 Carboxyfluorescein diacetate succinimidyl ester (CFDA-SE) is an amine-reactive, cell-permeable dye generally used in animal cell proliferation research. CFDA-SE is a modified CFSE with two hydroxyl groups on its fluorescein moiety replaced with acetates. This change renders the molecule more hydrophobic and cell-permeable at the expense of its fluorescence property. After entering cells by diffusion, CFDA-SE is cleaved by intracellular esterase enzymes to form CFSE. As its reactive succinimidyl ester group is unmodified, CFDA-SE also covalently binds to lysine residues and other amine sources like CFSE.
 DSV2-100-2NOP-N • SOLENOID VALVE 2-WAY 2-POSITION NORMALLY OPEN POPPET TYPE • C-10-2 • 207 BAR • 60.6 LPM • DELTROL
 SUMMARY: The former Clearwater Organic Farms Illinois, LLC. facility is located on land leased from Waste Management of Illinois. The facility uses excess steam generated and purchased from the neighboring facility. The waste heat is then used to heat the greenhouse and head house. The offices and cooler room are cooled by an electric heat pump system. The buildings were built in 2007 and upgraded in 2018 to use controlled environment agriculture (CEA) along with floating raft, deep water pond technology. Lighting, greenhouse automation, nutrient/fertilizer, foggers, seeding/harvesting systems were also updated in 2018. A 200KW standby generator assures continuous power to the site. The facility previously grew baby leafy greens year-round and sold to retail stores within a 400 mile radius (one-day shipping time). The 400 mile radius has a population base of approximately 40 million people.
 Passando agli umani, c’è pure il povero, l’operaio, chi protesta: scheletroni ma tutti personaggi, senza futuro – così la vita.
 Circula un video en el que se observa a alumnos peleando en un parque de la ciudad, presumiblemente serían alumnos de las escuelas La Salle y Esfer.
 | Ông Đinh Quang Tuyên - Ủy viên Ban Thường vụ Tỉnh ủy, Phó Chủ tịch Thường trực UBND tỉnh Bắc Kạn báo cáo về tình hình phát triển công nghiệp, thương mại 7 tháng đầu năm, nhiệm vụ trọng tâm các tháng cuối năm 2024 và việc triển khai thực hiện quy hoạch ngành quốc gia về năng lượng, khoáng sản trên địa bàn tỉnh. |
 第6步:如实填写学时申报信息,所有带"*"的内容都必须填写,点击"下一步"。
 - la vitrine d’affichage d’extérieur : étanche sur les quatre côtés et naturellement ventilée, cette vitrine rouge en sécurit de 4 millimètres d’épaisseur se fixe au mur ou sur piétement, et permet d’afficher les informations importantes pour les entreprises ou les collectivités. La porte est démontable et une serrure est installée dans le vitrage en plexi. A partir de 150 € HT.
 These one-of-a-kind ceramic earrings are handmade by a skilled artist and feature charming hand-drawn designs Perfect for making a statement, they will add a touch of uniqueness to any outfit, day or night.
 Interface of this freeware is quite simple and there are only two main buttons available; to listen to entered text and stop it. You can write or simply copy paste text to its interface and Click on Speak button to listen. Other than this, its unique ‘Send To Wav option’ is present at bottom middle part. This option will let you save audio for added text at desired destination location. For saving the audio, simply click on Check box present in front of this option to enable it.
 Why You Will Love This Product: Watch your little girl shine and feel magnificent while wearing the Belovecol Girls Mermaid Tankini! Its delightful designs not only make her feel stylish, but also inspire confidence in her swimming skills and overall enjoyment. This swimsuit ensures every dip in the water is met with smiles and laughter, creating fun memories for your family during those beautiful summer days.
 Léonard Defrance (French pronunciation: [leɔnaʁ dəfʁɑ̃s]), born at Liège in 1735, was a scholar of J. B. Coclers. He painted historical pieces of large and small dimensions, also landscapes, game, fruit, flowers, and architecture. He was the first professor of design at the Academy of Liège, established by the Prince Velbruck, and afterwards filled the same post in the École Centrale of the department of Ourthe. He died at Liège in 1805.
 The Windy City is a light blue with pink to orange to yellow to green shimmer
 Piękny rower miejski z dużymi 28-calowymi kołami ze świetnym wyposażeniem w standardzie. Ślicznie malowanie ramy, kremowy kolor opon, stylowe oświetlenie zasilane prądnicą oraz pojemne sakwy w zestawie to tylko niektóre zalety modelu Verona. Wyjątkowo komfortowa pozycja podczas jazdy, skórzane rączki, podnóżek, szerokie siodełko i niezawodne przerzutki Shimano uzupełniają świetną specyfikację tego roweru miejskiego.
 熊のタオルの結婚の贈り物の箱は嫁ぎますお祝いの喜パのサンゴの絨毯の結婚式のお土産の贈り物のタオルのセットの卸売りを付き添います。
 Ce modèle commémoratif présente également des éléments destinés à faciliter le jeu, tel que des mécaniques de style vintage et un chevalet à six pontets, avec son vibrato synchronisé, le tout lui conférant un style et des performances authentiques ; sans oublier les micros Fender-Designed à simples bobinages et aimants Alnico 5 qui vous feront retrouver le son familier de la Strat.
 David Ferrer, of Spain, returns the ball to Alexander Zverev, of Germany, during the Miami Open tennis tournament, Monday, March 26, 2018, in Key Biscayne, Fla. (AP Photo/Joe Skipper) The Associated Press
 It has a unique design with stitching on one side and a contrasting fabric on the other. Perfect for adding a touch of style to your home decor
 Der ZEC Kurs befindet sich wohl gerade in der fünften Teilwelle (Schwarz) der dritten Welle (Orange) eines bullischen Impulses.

§

WHAT THE TASK REQUIRES ::
Using the data above, print exactly the lines from the line that contains "熊のタオルの結婚の贈り物の箱" through the line that contains "Ce modèle commémoratif", with both included.

SOLUTION ::
 熊のタオルの結婚の贈り物の箱は嫁ぎますお祝いの喜パのサンゴの絨毯の結婚式のお土産の贈り物のタオルのセットの卸売りを付き添います。
 Ce modèle commémoratif présente également des éléments destinés à faciliter le jeu, tel que des mécaniques de style vintage et un chevalet à six pontets, avec son vibrato synchronisé, le tout lui conférant un style et des performances authentiques ; sans oublier les micros Fender-Designed à simples bobinages et aimants Alnico 5 qui vous feront retrouver le son familier de la Strat.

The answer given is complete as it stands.